The Dix portraits also show the evolution of the artist’s abilities. In her 1972 exhibition catalogue, Christine Skeeles Schloss notes that in comparison to the earlier works, the portrait of Jonathan Dix in particular shows a greater handling of spatial depth and, as seen in his fingers and the chapbook, “a noticeable improvement” in drawing skills. This development may have been due to increased exposure to the work of other artists. Schloss discusses a portrait of the Dix brothers’ mother, Dorothy, that was painted in about 1789 by Danish artist Christian Gullager and thus would have been in the family home at the time the boys sat for their portraits. In the portraits of Dorothy and Jonathan, the sitters’ left hands both have the ring finger tucked at an angle under the middle finger. This unusual detail suggests that the Beardsley Limner was aware of the earlier portrait and chose to emulate certain aspects. As has been noted, many of the sitters painted by the Beardsley Limner were associated with the medical profession and as Elijah Dix, the brothers’ father, was a doctor and druggist it is possible that the commission was instigated through Dr. Dix’s professional contacts. Another connection is the familial ties between the Dix and Wheeler families. About five years before the Dix portraits were painted, the Beardsley Limner executed full-length portraits of brothers Charles Adam and Joseph Wheeler. Their father, Elisha Wheeler (1749-1794), was the second cousin of Theophilus Wheeler (1764-1840), Elijah Dix’s brother-in-law and executor of his estate (Schloss, op. cit., pp. 13, 39, no. 21 (Dorothy’s portrait) and pp. 22-23, 25, nos. 4, 5 (the Wheeler portraits); see also Christie’s, New York, 19 January 2001, lot 155 and the National Gallery of Art, acc. no. 1953.5.57; ancestry.com, Massachusetts, U.S., Wills and Probate Records, 1635-1991, vol 107-108, 1809-1810 [database on-line], accessed 12 December 2022).

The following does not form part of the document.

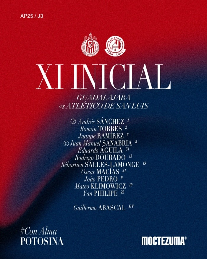 Deportes | Chivas vs Atlético San Luis • Momentos Destacados • Jornada 3 • Apertura 2025 Las Chivas del Guadalajara se alistan para debutar en casa en el torneo Apertura 2025, recibiendo al Atlético San Luis en el estadio Akron Sergio Alejandro Velázquez 26 de julio de 2025 - 17:00 hs CHIVAS4 ‒ 3ATLÉTICO SAN LUIS Fin del partido En un duelo lleno de emociones y volteretas, Guadalajara se impuso 4-3 a Atlético San Luis en un partido vibrante. El Rebaño tomó ventaja con un autogol de Sanabria y un tanto de Cade Cowell, pero los potosinos reaccionaron con goles de Eduardo Águila, João Pedro (penal) y Benjamín Galdames para darle la vuelta. Sin embargo, en la recta final, Armando González se convirtió en el héroe con un doblete que selló la remontada y la victoria para Chivas. 90' Se agregan 7 minutos al segundo tiempo 90' ¡Gooooool de Chivas! Armando González firmó su doblete con un remate de zurda desde el centro del área, colocando el balón en la escuadra derecha. La jugada se gestó tras una asistencia de Efraín Álvarez, poniendo el 4-3 a favor del Rebaño en un cierre vibrante. 84' ¡Chivas empata el encuentro! Armando González igualó el marcador 3-3 con un remate de cabeza desde muy cerca, regresando al Rebaño a la búsqueda de la victoria en los minutos finales del encuentro. 81' Más cambios en el Rebaño Salen: Bryan González y Alan Pulido. Entran: Hugo Camberos y Armando González. 75' ¡El Atlético San Luis le da la vuelta! Benjamín Galdames completó la remontada con un remate cruzado de derecha desde el sector izquierdo, poniendo el 3-2 a favor del conjunto potosino. ¡Qué técnica la de Galdames para definir así con la cabeza!⚽ Aquí está el tercero del San Luis.#J3 #AP25 | #LaLigaDeLaAfición pic.twitter.com/Rw5nuZ45hL — Liga BBVA MX (@LigaBBVAMX) July 27, 2025 69' ¡San Luis empata el encuentro! João Pedro empató el partido 2-2 al convertir el penal con un remate raso y colocado junto al palo izquierdo, imposible para el "Tala" Rangel. ¡Ese João Pedro anda implacable!���� ¡Qué delantero el que tienes, @AtletideSanLuis! #J3 #AP25 | #LaLigaDeLaAfición pic.twitter.com/BU0nccP74t — Liga BBVA MX (@LigaBBVAMX) July 27, 2025 67' Penal en favor del Atlético San Luis Tras la revisión, el árbitro confirma el penal tras la falta sobre João Pedro. 66' Posible penal en revisión Una posible falta de Érick Gutiérrez dentro del área se revisa en el VAR. 65' San Luis cerca del empate Miguel García intentó igualar el marcador con un remate desde el lado izquierdo del área, pero su disparo con la derecha fue detenido por el arquero. 62' San Luis también con modificaciones Sale Yan Phillipe para dejar entrar a Miguel García. 54' El Rebaño realiza cambios Salen: Richard Ledezma y Cade Cowell Entran: Alan Mozo y Efraín Álvarez. 50' ¡Goooooool del San Luis! Eduardo Águila descontó con un remate de cabeza a quemarropa desde el lado derecho del área durante una jugada de tiro de esquina, poniendo el 2-1 y acercando a su equipo en el marcador. ¡Tiene un martillo en la cabeza!���� Aquí está el gol de Eduardo Águila�� con el que descontó el @AtletideSanLuis.#J3 #AP25 | #LaLigaDeLaAfición pic.twitter.com/dFeqXDpViU — Liga BBVA MX (@LigaBBVAMX) July 27, 2025 Comienza el segundo tiempo Chivas regresa con una modificación, sale Daniel Aguirre para dejar entrar a Diego Campillo. Se termina la primera mitad Chivas se impone 2-0 sobre Atlético San Luis gracias a un autogol de Juan Manuel Sanabria y un remate de cabeza de Cade Cowell tras un tiro de esquina. El Rebaño dominó los primeros minutos con posesión y llegadas claras, mientras que el conjunto potosino reaccionó con algunas aproximaciones y disparos que exigieron al "Tala" Rangel. Sin embargo, Guadalajara mostró mayor contundencia y se fue al descanso con una ventaja cómoda. 45' Agregan 2 minutos al primer tiempo 45' ¡Gooooool de Chivas! Cade Cowell amplió la ventaja con un remate de cabeza desde muy cerca, colocando el balón en la escuadra derecha. La jugada se originó tras un tiro de esquina de Roberto Alvarado, en el que Daniel Aguirre asistió también de cabeza para concretar el 2-0 a favor del Rebaño. *Marcan tiro de esquina *Un señor de la nada: "dos cabezazos en el área, siempre terminan en gol".�� Acá está el tanto del Vaquero de las @Chivas, Cade Cowell.����⚪#J3 #AP25 | #LaLigaDeLaAfición pic.twitter.com/NdzqDXY6AY — Liga BBVA MX (@LigaBBVAMX) July 27, 2025 34' Ledezma se queda a nada Richard Ledezma tuvo una buena oportunidad para Chivas con un remate raso desde el centro del área, tras una asistencia de cabeza de Cade Cowell, pero el disparo fue detenido por el arquero. 24' San Luis retoma la presión El conjunto potosino retomó la iniciativa, generando jugadas y moviendo la defensa de Chivas. San Luis logró sumar algunas aproximaciones al área rival en su intento por empatar el marcador. 15' Cowell se queda cerca del segundo Cade Cowell estuvo cerca de ampliar la ventaja con un potente disparo desde fuera del área, dirigido al palo izquierdo. Sin embargo, el arquero Andrés Sánchez reaccionó a tiempo y evitó el segundo gol al quedarse con el balón. 11' ¡Chivas abre el marcador! Guadalajara abrió el marcador gracias a un autogol de Juan Manuel Sanabria. El jugador de Atlético San Luis desvió el balón hacia su propia portería, poniendo el 1-0 a favor del Rebaño. Etiqueta a tu Chivahermano favorito para que vea cómo abrieron el marcador las @Chivas.����⚪ Aquí les dejo el primero del Rebaño esta tarde. Autogol de Sanabria.#J3 #AP25 | #LaLigaDeLaAfición pic.twitter.com/rhy509wMK1 — Liga BBVA MX (@LigaBBVAMX) July 26, 2025 9' San Luis obliga al "Tala" a aparecer Atlético San Luis toma su turno para atacar. Primero, Mateo Klimowicz intentó sorprender con un disparo raso desde fuera del área, que fue contenido con seguridad por el "Tala" Rángel. Momentos después, Yan Phillipe tuvo

Dorothy Dix outlived her husband and all her children, including the three brothers discussed here, except her daughter, Mary (1776-1852), the wife of Thaddeus Mason Harris. Thus it is likely that all the Dix family portraits were inherited by Mary. While the portraits of Clarendon and Dorothy passed down to Mary’s great-grandson, Mason Dix Harris (1898-1986), those of Jonathan and Alexander appear to have followed a different line. In the twentieth century both were owned by Dix family descendants living in Ipswich, Massachusetts and were separated when they appeared on the art market in the late 1960s.